**MATERIAL SUPPLIED:**

========

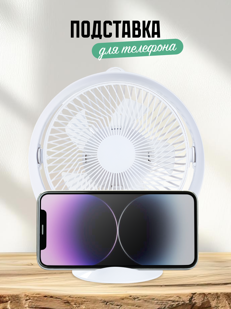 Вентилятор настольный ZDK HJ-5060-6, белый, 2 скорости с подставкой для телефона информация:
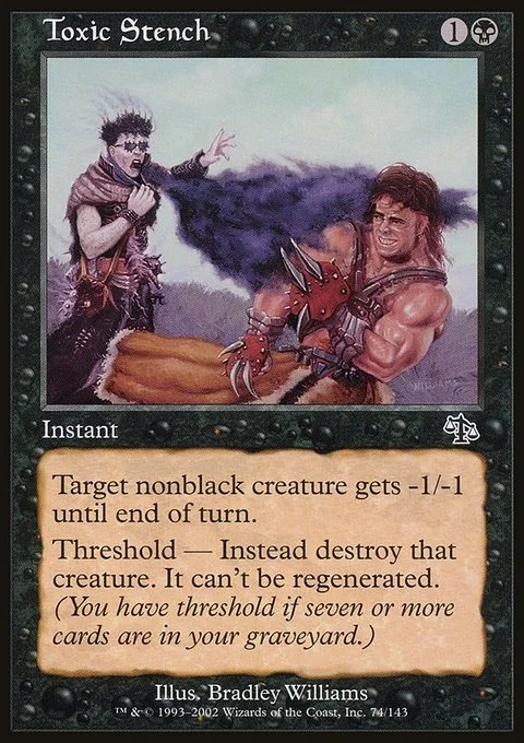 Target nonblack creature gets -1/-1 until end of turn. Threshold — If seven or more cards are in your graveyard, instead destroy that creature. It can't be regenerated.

========

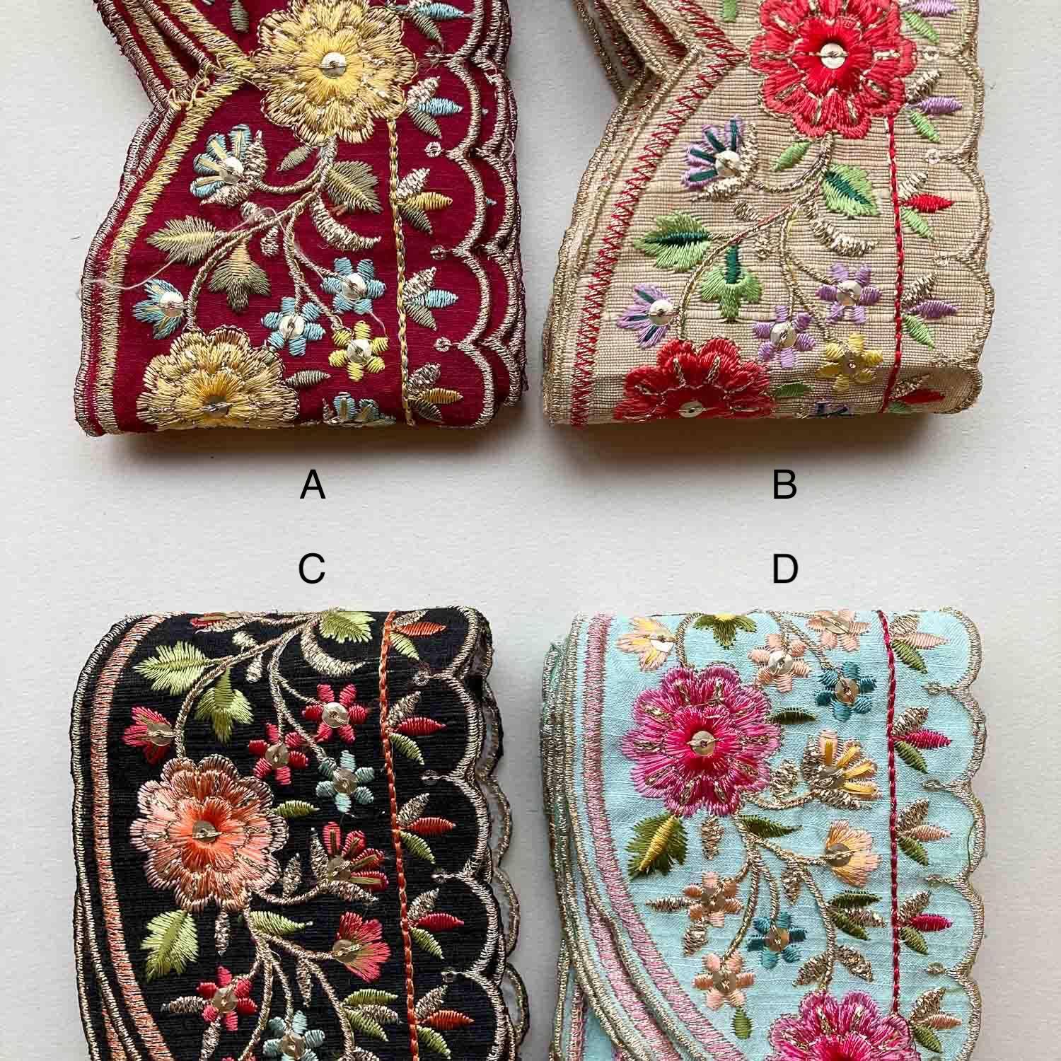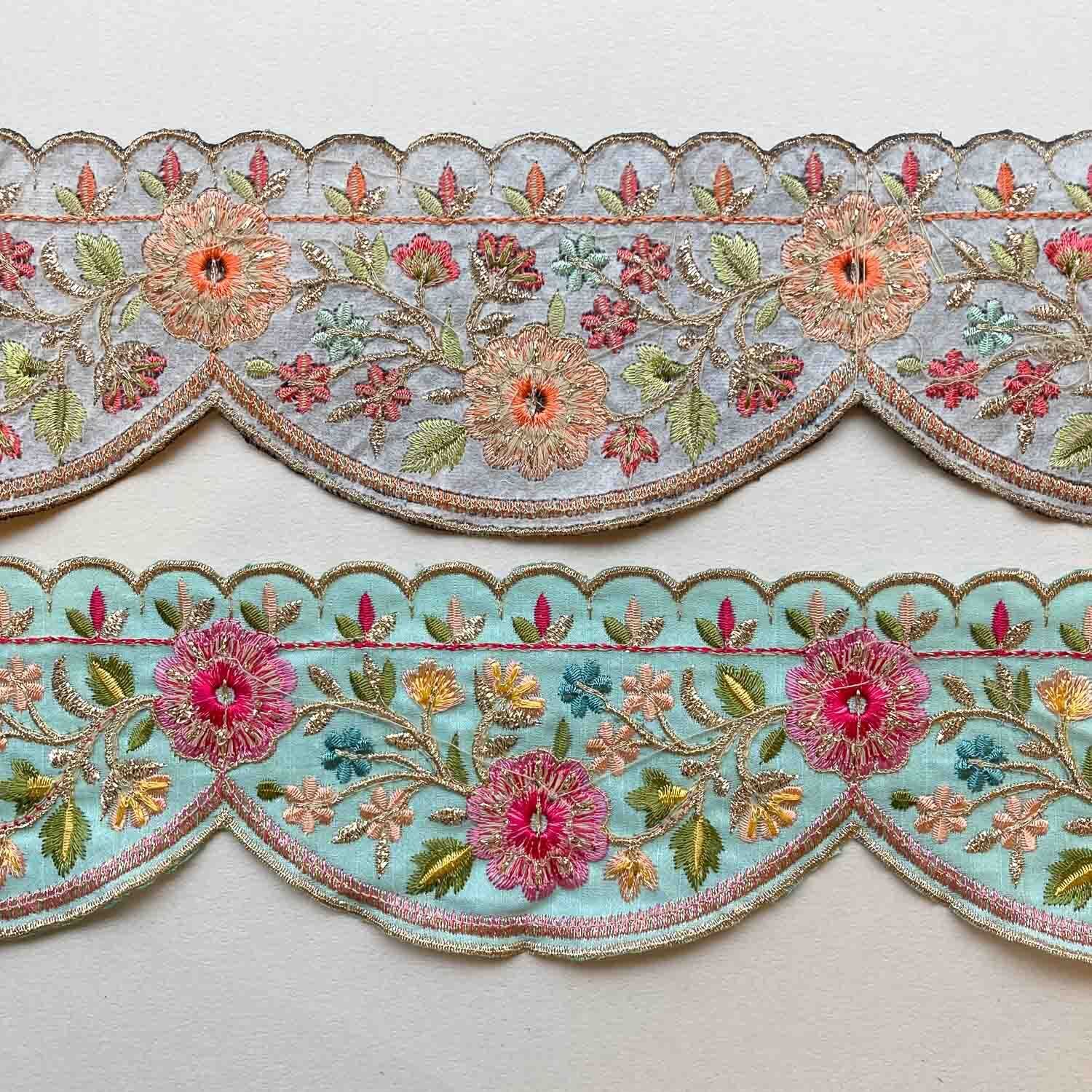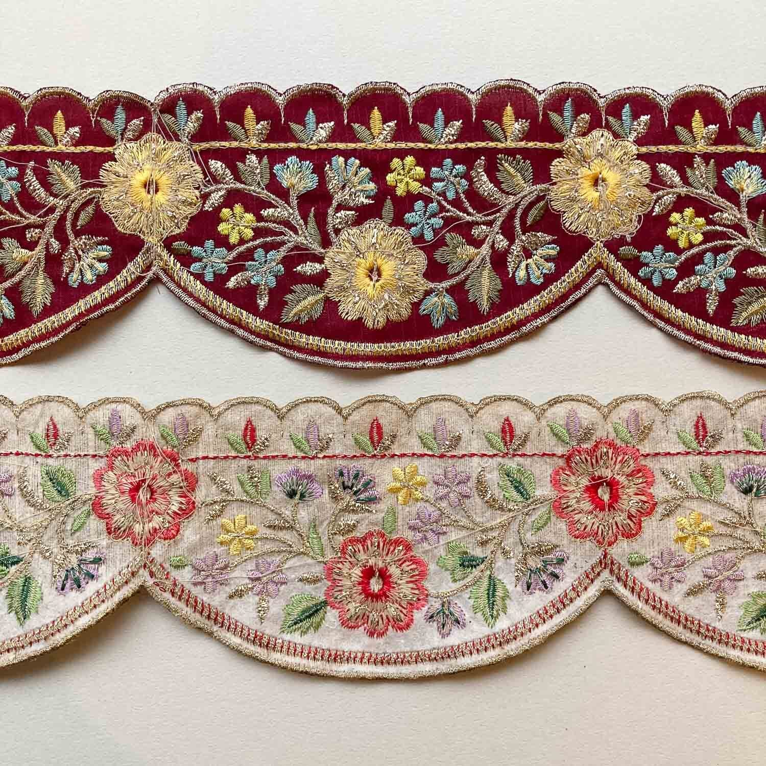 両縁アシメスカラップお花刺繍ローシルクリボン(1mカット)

========

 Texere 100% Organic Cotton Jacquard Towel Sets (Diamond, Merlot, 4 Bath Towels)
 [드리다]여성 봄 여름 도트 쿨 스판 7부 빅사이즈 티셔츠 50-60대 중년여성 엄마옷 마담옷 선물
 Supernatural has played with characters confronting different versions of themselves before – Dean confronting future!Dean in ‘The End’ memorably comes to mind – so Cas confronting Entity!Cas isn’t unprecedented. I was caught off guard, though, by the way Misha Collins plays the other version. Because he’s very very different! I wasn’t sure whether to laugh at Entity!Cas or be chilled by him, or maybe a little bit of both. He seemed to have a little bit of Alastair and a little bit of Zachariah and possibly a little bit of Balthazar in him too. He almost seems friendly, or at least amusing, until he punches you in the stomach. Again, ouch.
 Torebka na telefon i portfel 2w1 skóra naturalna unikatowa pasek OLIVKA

========

**TASK TO CARRY OUT:** Among the entries above, find the line with "[드리다]여성 봄 여름" and the line with "Torebka na telefon"; give again exactly these two lines and all lines between them.

**EXERCISE OUTPUT:**
 [드리다]여성 봄 여름 도트 쿨 스판 7부 빅사이즈 티셔츠 50-60대 중년여성 엄마옷 마담옷 선물
 Supernatural has played with characters confronting different versions of themselves before – Dean confronting future!Dean in ‘The End’ memorably comes to mind – so Cas confronting Entity!Cas isn’t unprecedented. I was caught off guard, though, by the way Misha Collins plays the other version. Because he’s very very different! I wasn’t sure whether to laugh at Entity!Cas or be chilled by him, or maybe a little bit of both. He seemed to have a little bit of Alastair and a little bit of Zachariah and possibly a little bit of Balthazar in him too. He almost seems friendly, or at least amusing, until he punches you in the stomach. Again, ouch.
 Torebka na telefon i portfel 2w1 skóra naturalna unikatowa pasek OLIVKA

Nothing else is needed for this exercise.